» **EXERCISE INPUT**:
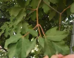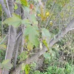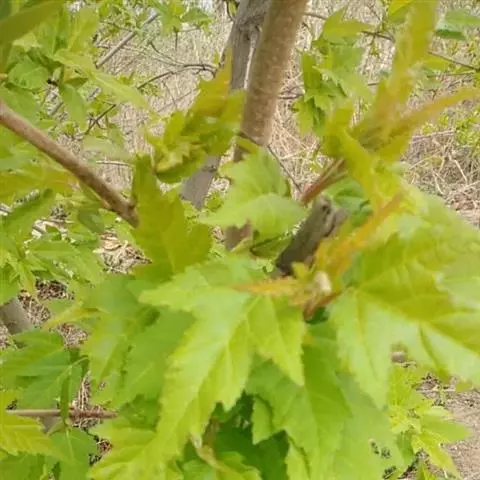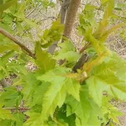 落叶小乔木。树姿开张,小枝细长。树皮光滑,呈灰褐色。单叶交互对生,常丛生于枝顶。叶掌状深裂,裂片5-9.裂深至叶基,裂片长卵形或披针形,叶缘锐锯齿。
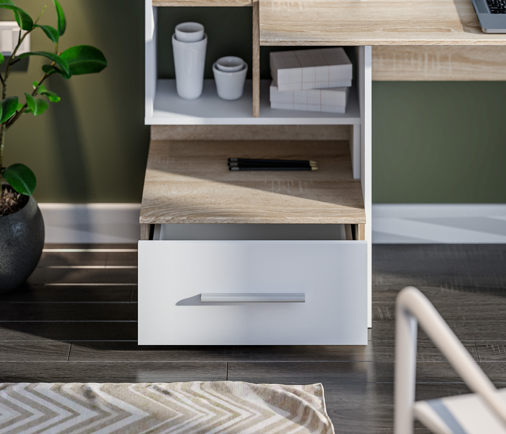 Оформление отделки комбинированное. Корпус выполнен в цвете «Дуб Сонома», фасадные поверхности – в белом цвете. Материал корпуса - КДСП, материал фасадов - ЛДСП.
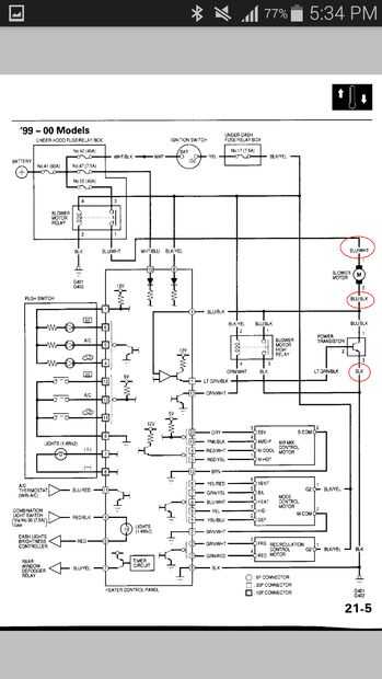 La captura de pantalla de la honda civic que manual resalté los cables necesitaba aislar para que el controlador de pwm al motor de accionamiento. Básicamente eliminé todos los otros alambres y los relais. El sistema de ventilación de mi coche he modificado pesadamente para mi clima cálido; el aire sopla sólo desde los orificios de ventilación del salpicadero y se encuentra en modo de recirculación permanente. Destruyó todos los motores para el control de ventilación ya que no tenía uso para los. Simplificado mi sistema de ventilación para adaptarse a mi clima.
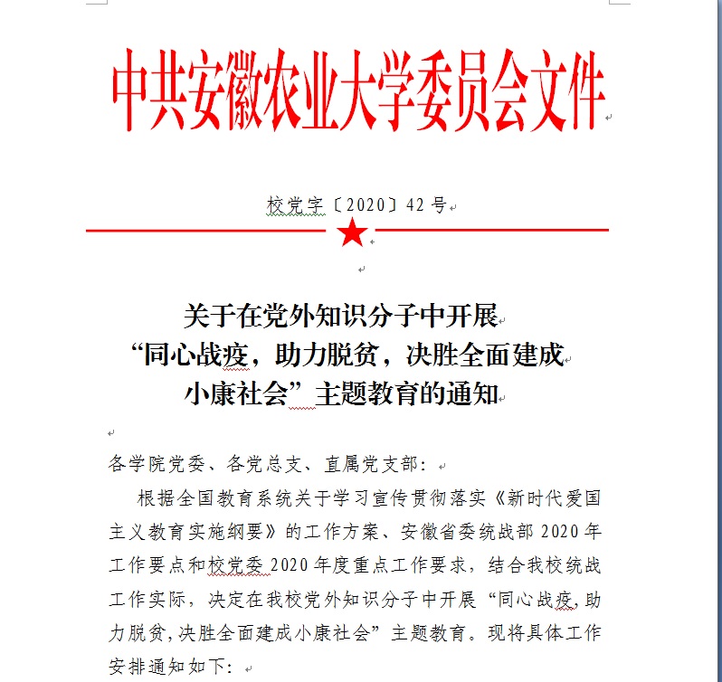 关于在党外知识分子中开展“同心战疫,助力脱贫,决胜全面建成小康社会”主题教育的通知
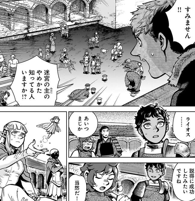 マルシルの説得に成功したライオス達は、マルシルに魔物の軍勢を止めてもらおうとしますが、翼獅子が邪魔をして魔物の軍勢は止まりません。仕方なく翼獅子を魔導書に封印する事で、なんとか魔物の軍勢は止まります。その後、このままマルシルが迷宮の主でいるのはまずいという事になり、迷宮の主をやめようとしますが、やめ方が分かりません。
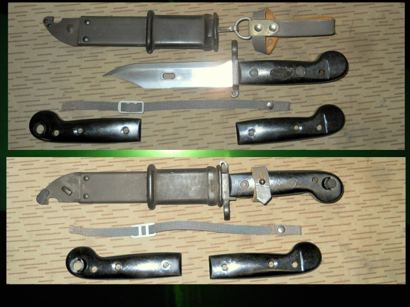 ...Beschreibung: ... original DDR/NVA Bajonett/Seitengewehr … für Kalaschnikow AK47/AKM … inkl. Koppelschlaufe … eine Griffschale beschädigt – sonst recht guter, gebrauchter Zustand … den fehlenden Faustriemen und einen Satz Griffschalen lege ich als originale Neuteile dazu
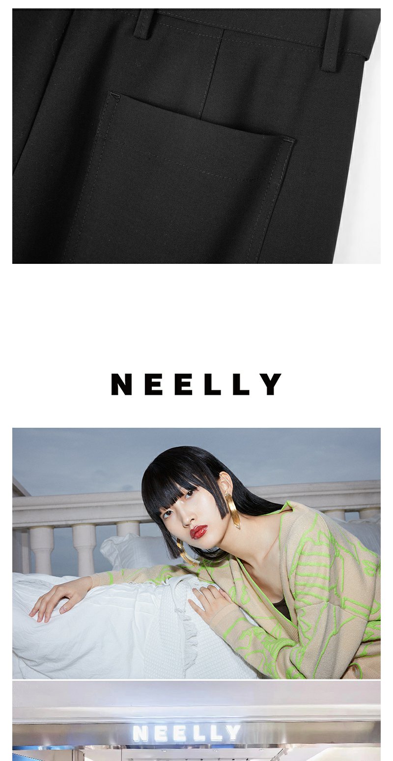 NEELLY纳俪商场同款通勤宽松直筒裤休闲裤早秋新款时尚百搭长裤女N23081H01093
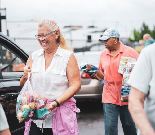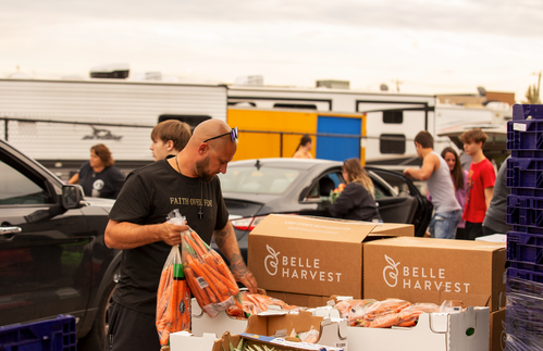 Free Farmers Market is our weekly drive through food pantry. Every Wednesday from 6-8pm, we give a weeks worth of groceries to about 500 families throughout Harrison + the surrounding communities.
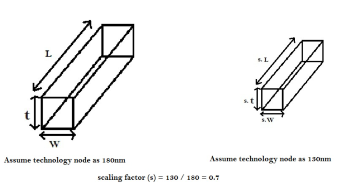 Let's assume the semiconductor process scales from 180nm to 130nm. The gate length scaling factor is approximately 0.7 (i.e., 130nm / 180nm). Therefore, s ≈ 0.7. Let's consider a short wire.
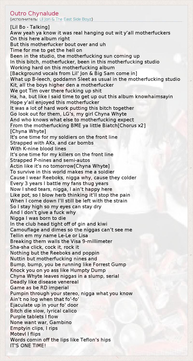 [Lil Bo - Talking] Aww yeah ya know it was real hanging out wit y'all motherfuckers On this here album right But this motherfucker bout over and uh Time for me to get the hell on Been in the studio, the motherfucking sun coming up In this bitch, motherfucker, been in this motherfucking studio Working hard on this motherfucking album [Background vocals from Lil' Jon & Big Sam come in] What up B-leech, goddamn Sleet as usual in the motherfucking studio Kit, all the boys higher den a motherfucker We got Tim over there fucking up shit Ha, ha, but like I said time to get up out this album knowhaimsayin Hope y'all enjoyed this motherfucker It was a lot of hard work putting this bitch together Go look out for them, LG's, my girl Chyna Whyte And who knows what else to motherfucking expect From the motherfucking BME ya little Biatch[Chorus x2] [Chyna Whyte] It's one time for my soldiers on the front line Strapped with AKs, and car bombs With K-nine blood lines It's one time for my killers on the front line Strapped P-nines and semi-autos Actin like it's no tomorrow[Chyna Whyte] To survive in this world makes me a soldier Cause I wear Reeboks, nigga why, cause they colder Every 3 years I battle my fans thug years Now I shed tears, nigga, I ain't happy here Like pot, so I blow herb thinking it'll stop the pain When I come down I'll still be left with the strain So I stay high so my eyes can stay dry And I don't give a fuck why Nigga I was born to die In the club head tight off of gin and kiwi Camouflage and dimes so the niggas can't see me Tellin em my name Le-Le or Lisa Breaking them walls the Visa 9-millimeter Sha-sha click, cock it, rock it Nothing but the Reeboks and poppin Nuttin but motherfucking nines and Bump, bump, you be running like Forrest Gump Knock you on yo ass like Humpty Dump Chyna Whyte leaves niggas in a slump, serial Deadly like disease venereal Game as be RD imperial Pumpin through your stereo, nigga what you know Ain't no log when that fo'-fo' Ejaculate up in your fo' door Bitch die slow, lyrical calico Purple tablets I flow None want war, Gambino Emptyin clips, I rips Motevl I flips Words comin off the lips like Teflon's hips IT'S ONE TIME!
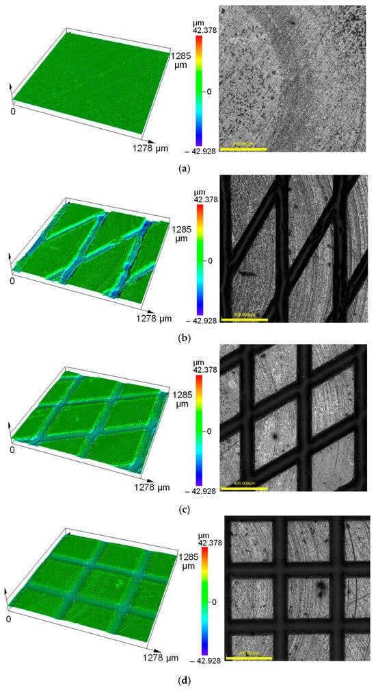 Following the friction tests, the worn surfaces of the samples were examined using a 3-D laser confocal microscope and an optical microscope to evaluate wear, as illustrated in Figure 8. The observations revealed no significant material loss in the sliding direction on any of the tested surfaces. Only slight surface scratches were observed, which corresponded to abrasive wear. These scratches were attributed to the interaction between the AISI 304 stainless steel pin and the test sample, as well as the presence of loose debris generated during sliding, particularly recast particles located within the grooves. These recast particles, often composed of hard oxide phases, can act as third-body abrasives, contributing to superficial scratching on the textured surface during the pin-on-disc test. The wear features observed were similar across all four surface conditions, regardless of the groove orientation.
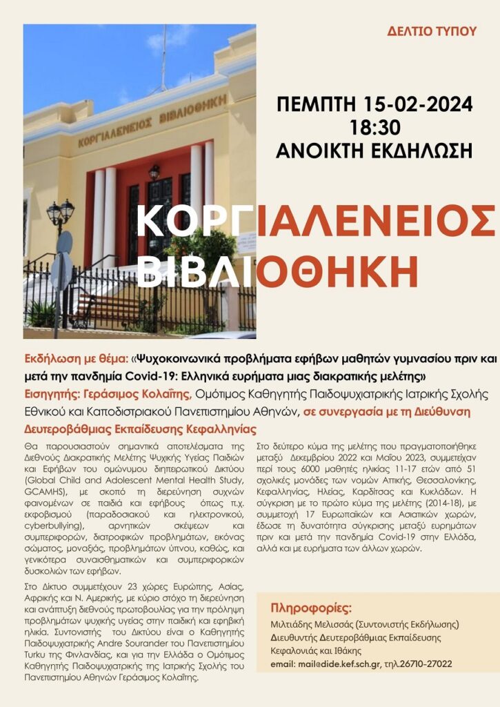 Εκδήλωση στην Κοργιαλένειο με θέμα «Ψυχοκοινωνικά προβλήματα εφήβων μαθητών γυμνασίου πριν και μετά την πανδημία Covid-19: Ελληνικά ευρήματα μιας διακρατικής μελέτης»

» **ACTIVITY**: Look above for the line with "マルシルの説得に成功したライ" and the line with "Let's assume the", then copy them and all lines in between exactly as written, and only those, without any pictures.

» **WRITTEN SOLUTION**:
 マルシルの説得に成功したライオス達は、マルシルに魔物の軍勢を止めてもらおうとしますが、翼獅子が邪魔をして魔物の軍勢は止まりません。仕方なく翼獅子を魔導書に封印する事で、なんとか魔物の軍勢は止まります。その後、このままマルシルが迷宮の主でいるのはまずいという事になり、迷宮の主をやめようとしますが、やめ方が分かりません。
 ...Beschreibung: ... original DDR/NVA Bajonett/Seitengewehr … für Kalaschnikow AK47/AKM … inkl. Koppelschlaufe … eine Griffschale beschädigt – sonst recht guter, gebrauchter Zustand … den fehlenden Faustriemen und einen Satz Griffschalen lege ich als originale Neuteile dazu
 NEELLY纳俪商场同款通勤宽松直筒裤休闲裤早秋新款时尚百搭长裤女N23081H01093
 Free Farmers Market is our weekly drive through food pantry. Every Wednesday from 6-8pm, we give a weeks worth of groceries to about 500 families throughout Harrison + the surrounding communities.
 Let's assume the semiconductor process scales from 180nm to 130nm. The gate length scaling factor is approximately 0.7 (i.e., 130nm / 180nm). Therefore, s ≈ 0.7. Let's consider a short wire.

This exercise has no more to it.